Imagine these scenarios:

  • Your company cannot perform a contract because of the COVID-19 pandemic.
  • A vendor informs you that she cannot provide your company with necessary goods because of supply chain issues caused by a governmental emergency declaration.
  • A subcontractor cannot perform because its employees are self-quarantining.

These are not hypotheticals. Scenarios like these are playing out around the country. The real-world impact of the COVID-19 pandemic is colliding with contractual requirements, and there is new attention to the legal doctrines of “impossibility,” “frustration of purpose,” “impracticability, and “force majeure.”

What do they mean? In a nutshell, traditional contract law says that an unforeseeable event occurring after the contract was formed can excuse contract performance, and determining whether an event was unforeseeable will depend heavily on the specific facts and the language of the contract.

Impossibility: When virtually cataclysmic and wholly unforeseeable events make performance “impossible,” performance can be excused. Changes in market conditions or economic hardship do not excuse performance. Nor are increased costs enough to excuse performance. Contract performance can be excused only when it is objectively impossible, not just financially unfavorable or impractical. If a party can render performance with additional time, money, energy, or resources, impossibility is not an excuse. Decreased revenues or cash flow due to the pandemic would not excuse contractual performance, but if roads have been closed or transportation has been halted by an executive order, then the performance of a contract to deliver goods could be deemed “impossible.” It objectively cannot be done.
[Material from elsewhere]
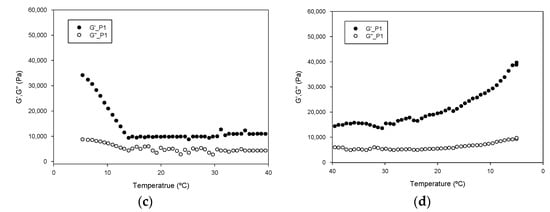 The rheological measurements of a hydrogel formed with gelatin P1 show typical gel behavior, which disappears as gelatin is heated above 14 °C (

Frustration of Purpose: In a situation in which both parties’ primary purpose for entering a transaction is frustrated by an unpredictable event that destroys the basic foundation of the parties’ agreement, a court can find that performance is excused because its purpose is frustrated by an event the nonoccurrence that was a basic assumption upon which the contract was made. One historic example is a fire that necessitated a massive timber rehabilitation and found to frustrate the purpose of a federal contract for the removal and sale of timber. Spalding & Son, Inc. v. United States, 28 Fed. Cl. 242 (1993). An analogous situation could occur with COVID-19 if, for example, an event planner had a contract with a venue for conference space but all meetings in the locality were prohibited due to government prohibitions on large meetings. The purpose of the contract—to host the event—would be frustrated through no fault of either party and performance might be excused.
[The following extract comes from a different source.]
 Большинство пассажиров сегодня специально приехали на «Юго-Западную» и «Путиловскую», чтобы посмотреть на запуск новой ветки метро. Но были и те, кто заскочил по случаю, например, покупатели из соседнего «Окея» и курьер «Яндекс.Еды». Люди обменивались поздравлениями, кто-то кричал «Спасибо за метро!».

Impracticability: Another potential excuse for contractual nonperformance in the context of the COVID-19 crisis is impracticability. This doctrine excuses performance of a duty when the duty has become unfeasibly difficult or expensive for the party who was to perform. This is distinct from the doctrine of impossibility. Impracticability comes into play where performance is still physically possible, but would be extremely and unreasonably burdensome for the party whose performance is due. Supply problems caused by the COVID-19 virus may make performance impracticable. In fact, one of the comments to the Restatement (Second) of Contracts § 261 discusses excusing a duty to deliver goods due to a quarantine-related port closure. Another difference from the doctrine of impossibility is that impracticability may not excuse complete nonperformance—the parties still must fulfill the contract to the extent it is practical and reasonable to do so. This may mean that a party would be required to perform partially during the worst of the COVID-19 pandemic, or to perform fully at a date later than that called for in the original contract.
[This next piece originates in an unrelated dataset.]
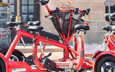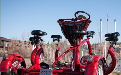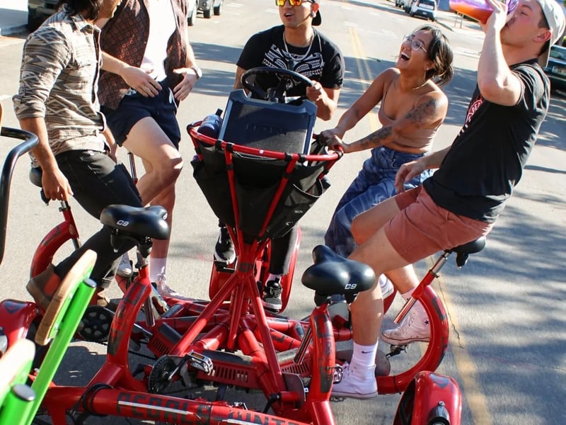 Pedal together on a six-seat bike with an onboard sound system for a fun, head-turning ride

Force majeure: Force majeure refers to a contractual provision that limits liability due to unforeseen events outside the control of the parties that delay or prevent performance of the contract. Unlike the defenses discussed above, which are drawn from the common law, a party’s ability to delay or discontinue performance based upon a force majeure event depends upon the specific terms of the contract. In general, courts enforce a force majeure provision according to its terms. These clauses will often specify possible events that are considered unforeseeable by the contracting parties. For example, “acts of God” (such as fires, earthquakes, and floods), war, and epidemics may be listed as events that would excuse performance. In the case of COVID-19, if the force majeure clause lists “act of God” as a force majeure event, but not “epidemic” or “pandemic,” a court may or may not agree that COVID-19 is a covered event.

What can you do about it? For existing contracts, you should not assume that your company needs to bear the entire cost of dealing with COVID-19. A careful review of the facts and the governing law, as well as the specific contract language, may present opportunities to avoid or delay performance and lead to a more equitable sharing of the burden of the pandemic. For future contracts, the answer is preventative measures. Force majeure clauses should include language that would cover pandemics, and parties should consider whether it is appropriate to limit liability using non-punitive liquidated damages provisions.